A number of hosts have been decommissioned. As per new instructions, they are not removed from icinga (puppet) nor stopped, and role::spare doesn't do that either.

Leaving the host on, but with role::spare will allow it to receive security updates

Disabling notifications is the only way to not alert.

In T149643#2762562, @jcrespo wrote:

Disabling notifications is the only way to not alert.

@jcrespo: I know, and there are also other reasons why make sense to disable notifications, that's why I added:

or add a permanent message that explain why it is disabled

I think we should not have notifications disabled without any comment on Icinga that links it to a Phab task or explains why.

But they have it, see:

2016-09-21 09:01:06	Marostegui	This server is going to be decommissioned - T146265

This is for db1019. It is just not shown on the link you shared as a pop-up, you have to enter on the host and read the comment there (which is an Icinga usability issue).

In T149643#2762654, @jcrespo wrote:
But they have it, see:
2016-09-21 09:01:06	Marostegui	This server is going to be decommissioned - T146265
This is for db1019. It is just not shown on the link you shared as a pop-up, you have to enter on the host and read the comment there (which is an Icinga usability issue).

And that is: T147309

@jcrespo @Marostegui: db1019 it's fine, it has a scheduled downtime with a related comment and you can see it directly from the link I put in the description that it has one.

While for example db1042, db1047, dbstore1002, es2019 and labsdb10[08-11] don't have any comment nor in the host nor in the specific services that have notifications disabled.
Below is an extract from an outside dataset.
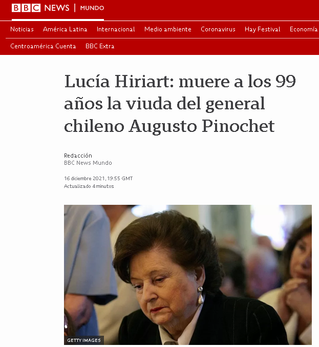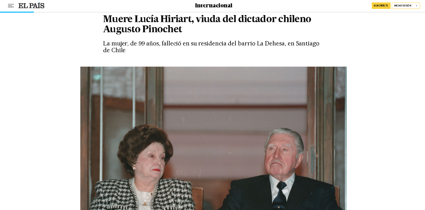Lee también: Esta sería la última aparición de Lucía Hiriart ante la prensa: “Es muy emocionante”En el diario El País, pusieron énfasis en que "el fallecimiento se produce a tres días de una elección polarizada entre Gabriel Boric y José Antonio Kast, un candidato que no ha roto con el régimen de Pinochet".
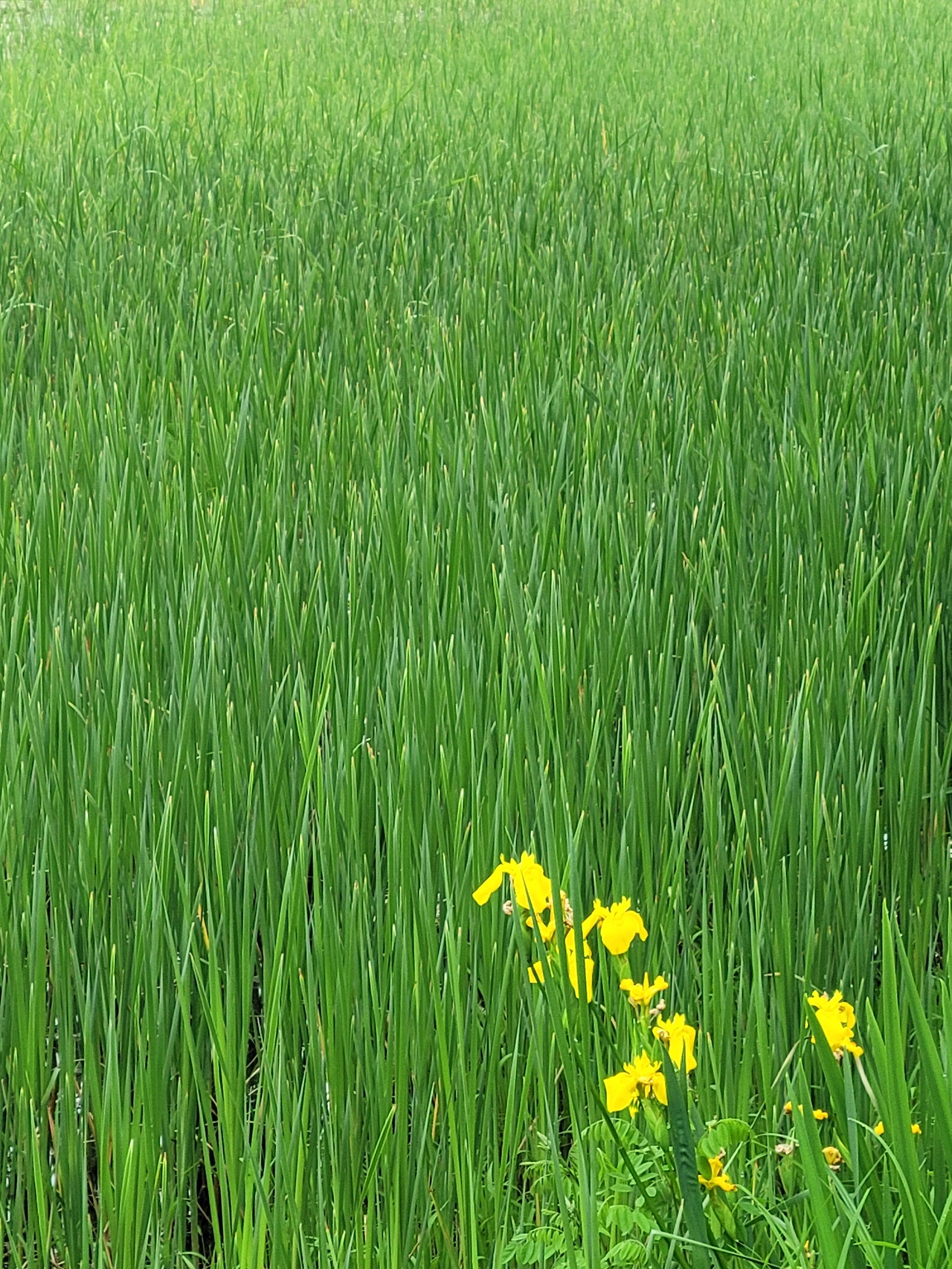 찔레꽃 다음으로 많이 들어오는 건 꽃창포입니다. 노란 꽃이 호숫가를 물들입니다. 무리 지어 핀 게 확연히 전보다 많습니다. 쑥쑥 자라는 갈대와 궁합이 잘 맞습니다. 새벽에 가면 혼자 보기 아까운 비경을 연출합니다.

And so was db1065 when I checked it the other day.
Not every host/service in that list needs an action, that is the list of all the disabled ones.

@Volans db1019 scheduled downtime will eventually expire (where the comments is), the comment I was referring to is not shown on the link.

If you assign role::spare to a server and run puppet on the host and the icinga host, you should remove all alerts there.

If that's not the case, it is a bug in puppet and we should fix it.

@Joe Apparently it removes it, if it didn't, it would show mysql alertss. But it keeps the common ones, which we do not want to show (plus potentially any running process that could be a threat to the security- like mysql running or its data). I think it removes comments or icinga-only changes on reload? Not sure about that.

Anyway, I would like to put down completely a host until it has been formatted, *then* it can be added to role:spare and be up.

In T149643#2762717, @jcrespo wrote:

@Volans db1019 scheduled downtime will eventually expire (where the comments is), the comment I was referring to is not shown on the link.

@jcrespo just for clarification, the comment you quoted on db1019 is exactly the downtime comment, the one you enter when setting a downtime, and it will expire with the downtime on 2018-09-21 11:00:13 (see End Time).
Then Icinga add an automatic host comment of type Scheduled downtime that will be cleared too at the end of the downtime.

In T149643#2762748, @Volans wrote:

In T149643#2762717, @jcrespo wrote:

@Volans db1019 scheduled downtime will eventually expire (where the comments is), the comment I was referring to is not shown on the link.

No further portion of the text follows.